MATERIAL PROVIDED:
=====
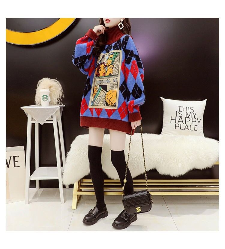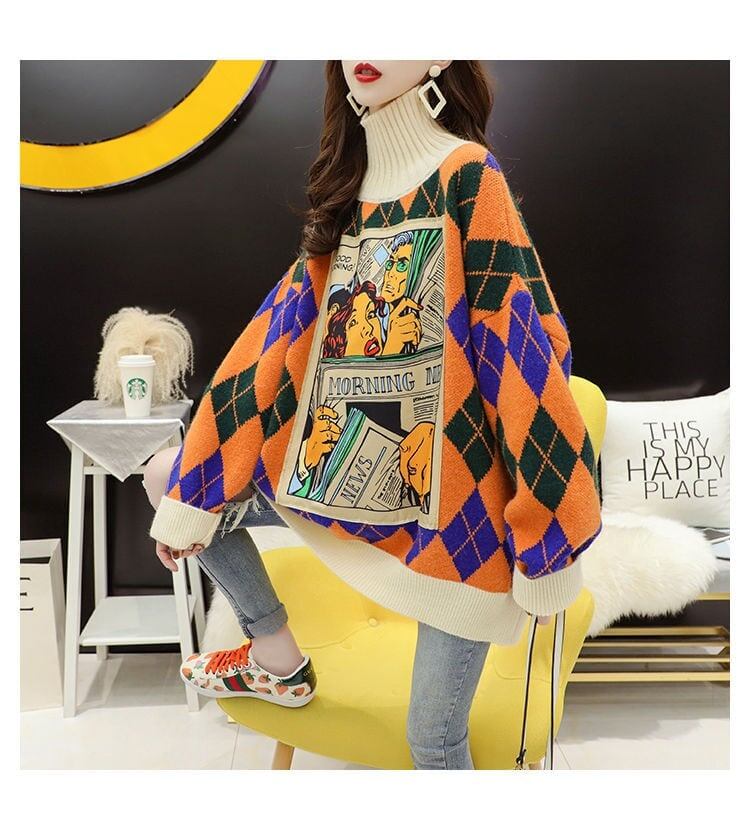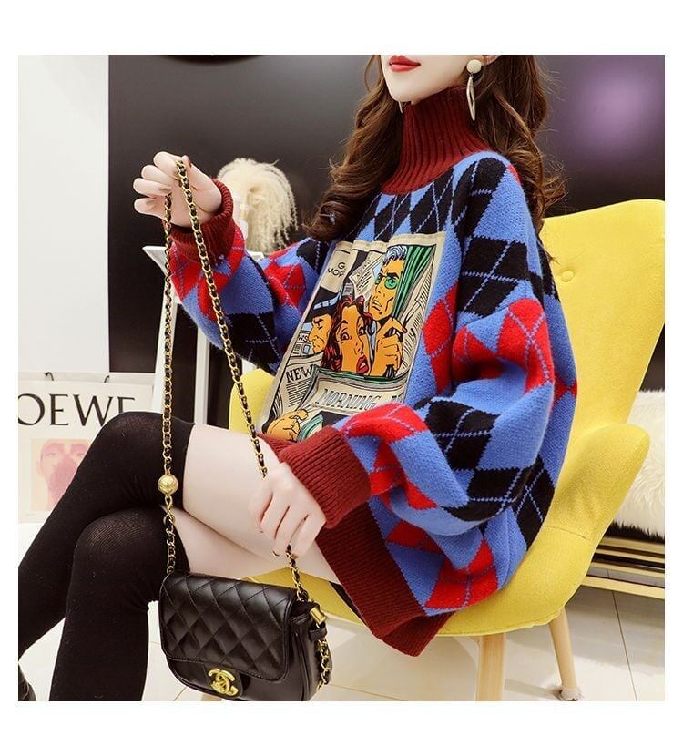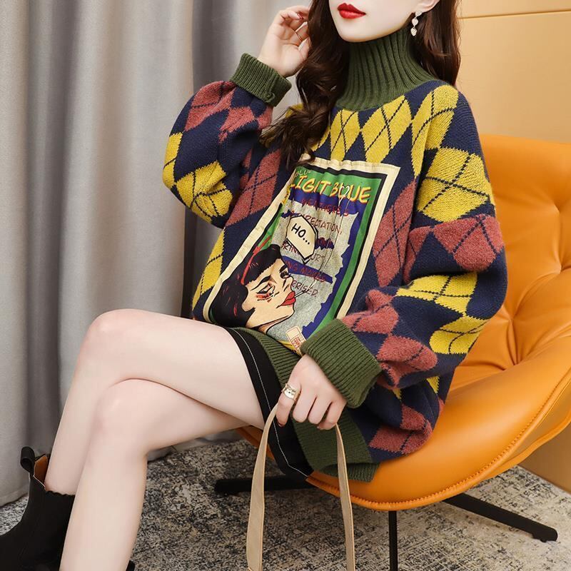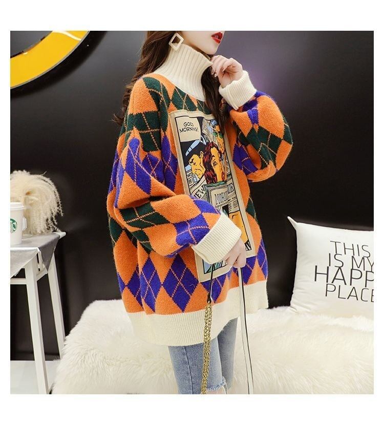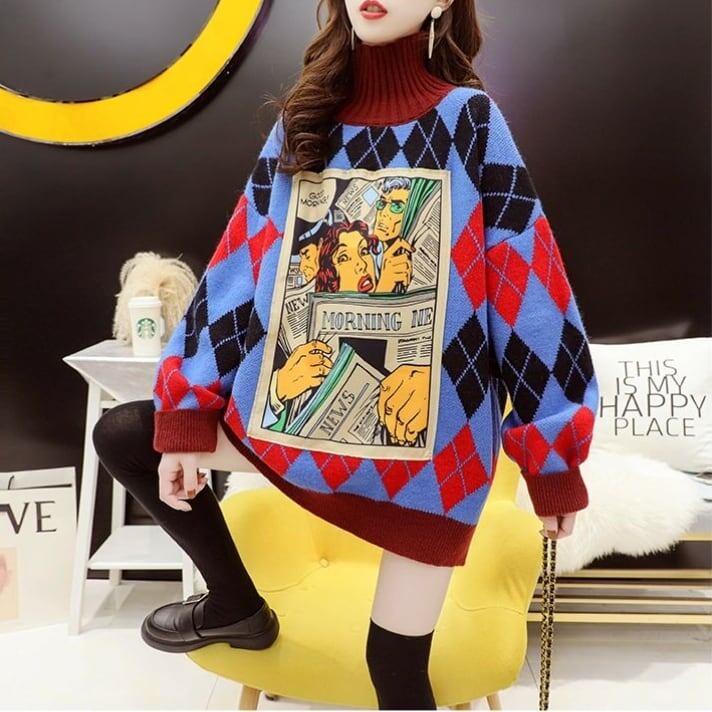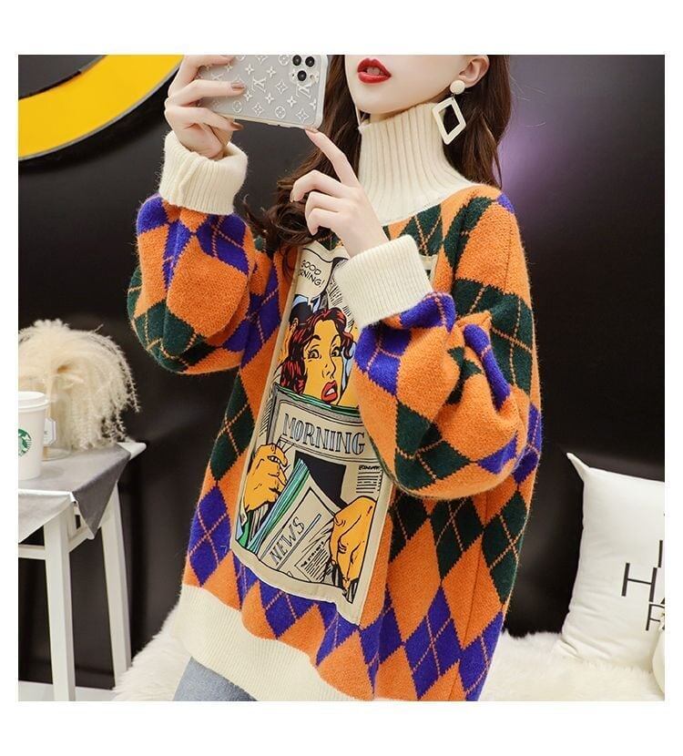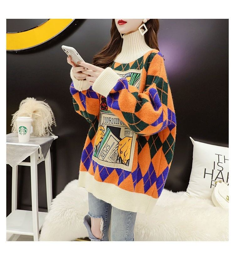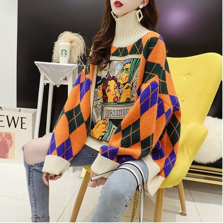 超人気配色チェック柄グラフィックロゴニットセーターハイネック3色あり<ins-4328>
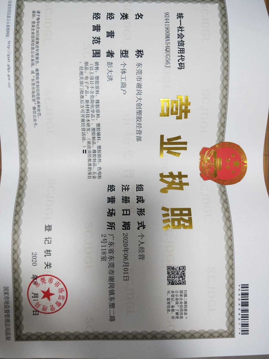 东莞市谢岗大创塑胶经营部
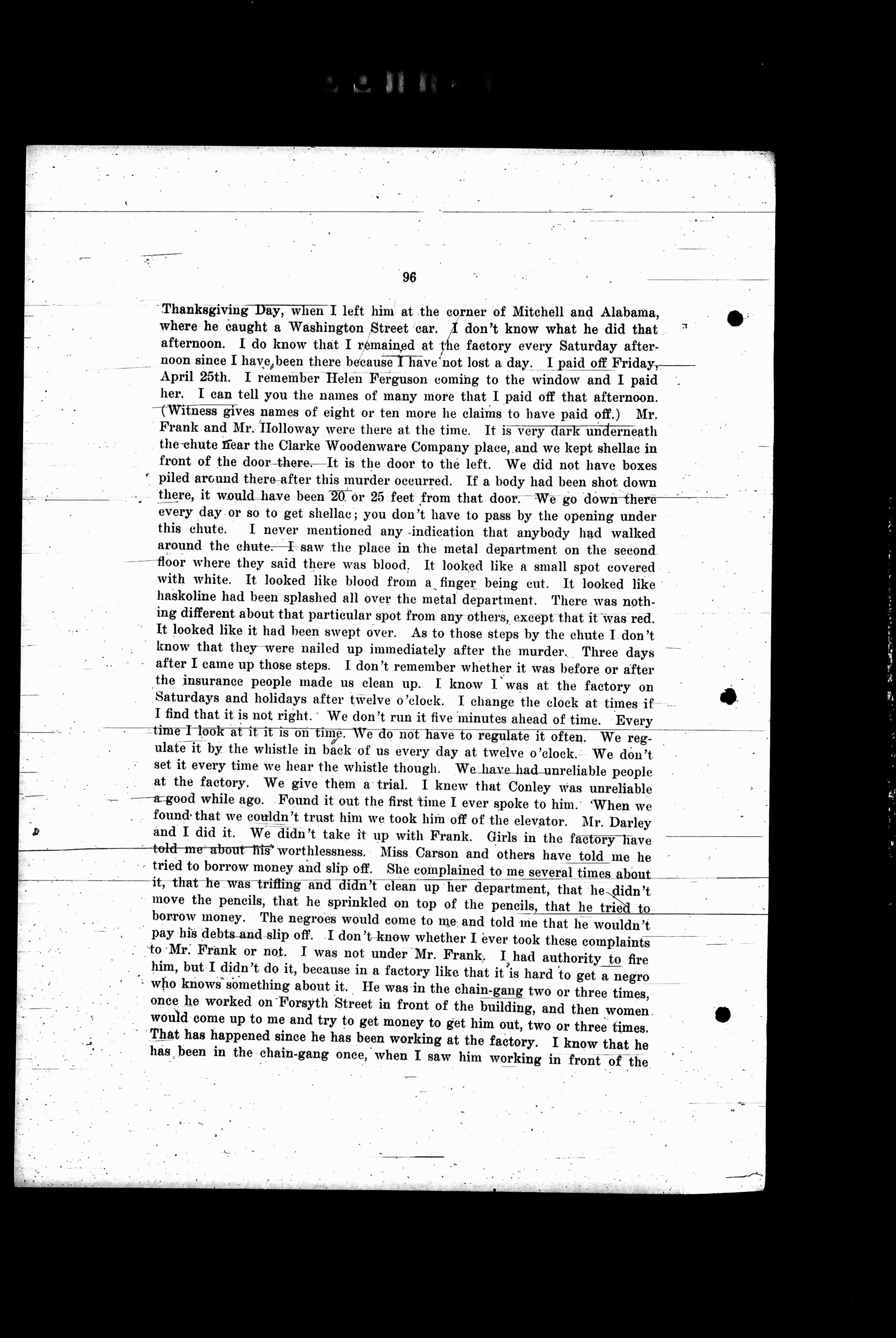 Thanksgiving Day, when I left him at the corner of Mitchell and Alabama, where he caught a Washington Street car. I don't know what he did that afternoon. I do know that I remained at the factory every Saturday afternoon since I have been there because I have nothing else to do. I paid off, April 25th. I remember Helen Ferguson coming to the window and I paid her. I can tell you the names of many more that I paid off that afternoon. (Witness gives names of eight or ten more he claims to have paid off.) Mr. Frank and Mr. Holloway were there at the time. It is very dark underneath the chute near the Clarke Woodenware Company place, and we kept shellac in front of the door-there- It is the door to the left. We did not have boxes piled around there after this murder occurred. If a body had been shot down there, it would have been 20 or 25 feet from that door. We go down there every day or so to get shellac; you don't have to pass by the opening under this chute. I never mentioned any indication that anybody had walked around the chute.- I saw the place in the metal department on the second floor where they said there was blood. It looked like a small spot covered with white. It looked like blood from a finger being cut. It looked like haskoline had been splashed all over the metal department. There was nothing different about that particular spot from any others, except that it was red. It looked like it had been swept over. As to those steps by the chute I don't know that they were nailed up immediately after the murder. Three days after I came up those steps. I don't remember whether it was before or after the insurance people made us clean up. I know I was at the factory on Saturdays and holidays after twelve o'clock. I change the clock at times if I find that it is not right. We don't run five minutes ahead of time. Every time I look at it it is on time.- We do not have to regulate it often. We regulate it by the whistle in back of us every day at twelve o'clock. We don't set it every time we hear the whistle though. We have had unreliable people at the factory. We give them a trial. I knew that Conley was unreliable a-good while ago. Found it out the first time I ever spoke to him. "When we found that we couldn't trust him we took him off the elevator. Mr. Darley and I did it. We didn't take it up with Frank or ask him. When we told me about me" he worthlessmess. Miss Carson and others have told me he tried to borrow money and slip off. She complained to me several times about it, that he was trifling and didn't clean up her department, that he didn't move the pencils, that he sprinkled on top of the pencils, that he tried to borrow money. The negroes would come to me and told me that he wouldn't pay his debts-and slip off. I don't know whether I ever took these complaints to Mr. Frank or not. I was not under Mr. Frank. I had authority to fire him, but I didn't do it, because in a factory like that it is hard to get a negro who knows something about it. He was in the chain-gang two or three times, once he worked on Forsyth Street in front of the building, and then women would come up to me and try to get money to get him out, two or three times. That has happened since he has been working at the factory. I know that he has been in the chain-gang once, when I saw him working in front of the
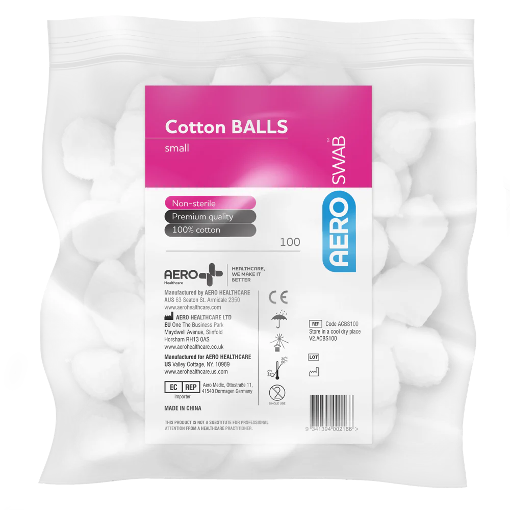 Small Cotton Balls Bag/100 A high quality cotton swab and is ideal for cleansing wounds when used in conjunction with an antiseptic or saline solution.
=====
TASK TO COMPLETE:
Leave the pictures out, and print every line of the listing exactly as written.

ANSWER SPACE:
 超人気配色チェック柄グラフィックロゴニットセーターハイネック3色あり<ins-4328>
 东莞市谢岗大创塑胶经营部
 Thanksgiving Day, when I left him at the corner of Mitchell and Alabama, where he caught a Washington Street car. I don't know what he did that afternoon. I do know that I remained at the factory every Saturday afternoon since I have been there because I have nothing else to do. I paid off, April 25th. I remember Helen Ferguson coming to the window and I paid her. I can tell you the names of many more that I paid off that afternoon. (Witness gives names of eight or ten more he claims to have paid off.) Mr. Frank and Mr. Holloway were there at the time. It is very dark underneath the chute near the Clarke Woodenware Company place, and we kept shellac in front of the door-there- It is the door to the left. We did not have boxes piled around there after this murder occurred. If a body had been shot down there, it would have been 20 or 25 feet from that door. We go down there every day or so to get shellac; you don't have to pass by the opening under this chute. I never mentioned any indication that anybody had walked around the chute.- I saw the place in the metal department on the second floor where they said there was blood. It looked like a small spot covered with white. It looked like blood from a finger being cut. It looked like haskoline had been splashed all over the metal department. There was nothing different about that particular spot from any others, except that it was red. It looked like it had been swept over. As to those steps by the chute I don't know that they were nailed up immediately after the murder. Three days after I came up those steps. I don't remember whether it was before or after the insurance people made us clean up. I know I was at the factory on Saturdays and holidays after twelve o'clock. I change the clock at times if I find that it is not right. We don't run five minutes ahead of time. Every time I look at it it is on time.- We do not have to regulate it often. We regulate it by the whistle in back of us every day at twelve o'clock. We don't set it every time we hear the whistle though. We have had unreliable people at the factory. We give them a trial. I knew that Conley was unreliable a-good while ago. Found it out the first time I ever spoke to him. "When we found that we couldn't trust him we took him off the elevator. Mr. Darley and I did it. We didn't take it up with Frank or ask him. When we told me about me" he worthlessmess. Miss Carson and others have told me he tried to borrow money and slip off. She complained to me several times about it, that he was trifling and didn't clean up her department, that he didn't move the pencils, that he sprinkled on top of the pencils, that he tried to borrow money. The negroes would come to me and told me that he wouldn't pay his debts-and slip off. I don't know whether I ever took these complaints to Mr. Frank or not. I was not under Mr. Frank. I had authority to fire him, but I didn't do it, because in a factory like that it is hard to get a negro who knows something about it. He was in the chain-gang two or three times, once he worked on Forsyth Street in front of the building, and then women would come up to me and try to get money to get him out, two or three times. That has happened since he has been working at the factory. I know that he has been in the chain-gang once, when I saw him working in front of the
 Small Cotton Balls Bag/100 A high quality cotton swab and is ideal for cleansing wounds when used in conjunction with an antiseptic or saline solution.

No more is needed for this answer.